## Exercise directions
The output should be exactly the lines from the one containing "뽐뿌게시판 ㅎㄷㄷ 작성자뱌실이|작성시간18.05.01|조회수535" through the last line of the records, and only those.
___
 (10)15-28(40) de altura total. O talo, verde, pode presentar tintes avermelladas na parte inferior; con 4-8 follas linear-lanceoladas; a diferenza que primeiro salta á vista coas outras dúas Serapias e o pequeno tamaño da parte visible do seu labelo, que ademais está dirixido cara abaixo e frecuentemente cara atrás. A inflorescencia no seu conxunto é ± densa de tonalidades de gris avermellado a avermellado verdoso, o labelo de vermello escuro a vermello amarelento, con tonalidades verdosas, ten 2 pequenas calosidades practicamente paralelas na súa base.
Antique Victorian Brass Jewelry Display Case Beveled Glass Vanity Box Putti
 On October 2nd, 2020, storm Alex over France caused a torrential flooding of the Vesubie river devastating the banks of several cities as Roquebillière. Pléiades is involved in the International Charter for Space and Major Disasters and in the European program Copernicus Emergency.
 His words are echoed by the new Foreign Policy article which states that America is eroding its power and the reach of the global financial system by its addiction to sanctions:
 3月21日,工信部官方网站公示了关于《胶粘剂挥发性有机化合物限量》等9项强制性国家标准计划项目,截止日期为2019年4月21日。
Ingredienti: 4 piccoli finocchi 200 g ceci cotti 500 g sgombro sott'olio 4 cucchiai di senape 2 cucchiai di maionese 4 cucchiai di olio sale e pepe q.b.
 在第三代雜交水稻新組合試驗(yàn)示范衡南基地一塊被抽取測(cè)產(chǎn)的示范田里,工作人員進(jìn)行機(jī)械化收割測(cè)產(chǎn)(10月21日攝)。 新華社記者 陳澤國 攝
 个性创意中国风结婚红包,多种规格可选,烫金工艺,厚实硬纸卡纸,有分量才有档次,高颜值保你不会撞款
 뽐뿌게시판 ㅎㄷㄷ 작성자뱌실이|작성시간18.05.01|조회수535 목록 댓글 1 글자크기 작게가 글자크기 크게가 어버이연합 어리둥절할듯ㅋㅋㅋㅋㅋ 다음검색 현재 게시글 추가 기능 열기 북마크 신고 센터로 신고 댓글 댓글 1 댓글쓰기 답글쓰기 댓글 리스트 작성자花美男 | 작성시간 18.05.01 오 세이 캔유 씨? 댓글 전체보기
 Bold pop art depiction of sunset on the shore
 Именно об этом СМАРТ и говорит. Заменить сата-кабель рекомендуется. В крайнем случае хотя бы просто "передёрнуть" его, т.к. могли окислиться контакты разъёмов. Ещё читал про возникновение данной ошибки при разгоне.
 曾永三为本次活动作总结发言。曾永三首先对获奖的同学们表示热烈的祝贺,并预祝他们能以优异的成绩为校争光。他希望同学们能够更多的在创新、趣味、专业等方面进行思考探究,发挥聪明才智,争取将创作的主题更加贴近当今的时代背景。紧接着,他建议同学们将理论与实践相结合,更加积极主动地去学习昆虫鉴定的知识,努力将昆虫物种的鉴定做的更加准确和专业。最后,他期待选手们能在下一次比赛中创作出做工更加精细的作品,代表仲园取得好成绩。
___
## Reply
 뽐뿌게시판 ㅎㄷㄷ 작성자뱌실이|작성시간18.05.01|조회수535 목록 댓글 1 글자크기 작게가 글자크기 크게가 어버이연합 어리둥절할듯ㅋㅋㅋㅋㅋ 다음검색 현재 게시글 추가 기능 열기 북마크 신고 센터로 신고 댓글 댓글 1 댓글쓰기 답글쓰기 댓글 리스트 작성자花美男 | 작성시간 18.05.01 오 세이 캔유 씨? 댓글 전체보기
 Bold pop art depiction of sunset on the shore
 Именно об этом СМАРТ и говорит. Заменить сата-кабель рекомендуется. В крайнем случае хотя бы просто "передёрнуть" его, т.к. могли окислиться контакты разъёмов. Ещё читал про возникновение данной ошибки при разгоне.
 曾永三为本次活动作总结发言。曾永三首先对获奖的同学们表示热烈的祝贺,并预祝他们能以优异的成绩为校争光。他希望同学们能够更多的在创新、趣味、专业等方面进行思考探究,发挥聪明才智,争取将创作的主题更加贴近当今的时代背景。紧接着,他建议同学们将理论与实践相结合,更加积极主动地去学习昆虫鉴定的知识,努力将昆虫物种的鉴定做的更加准确和专业。最后,他期待选手们能在下一次比赛中创作出做工更加精细的作品,代表仲园取得好成绩。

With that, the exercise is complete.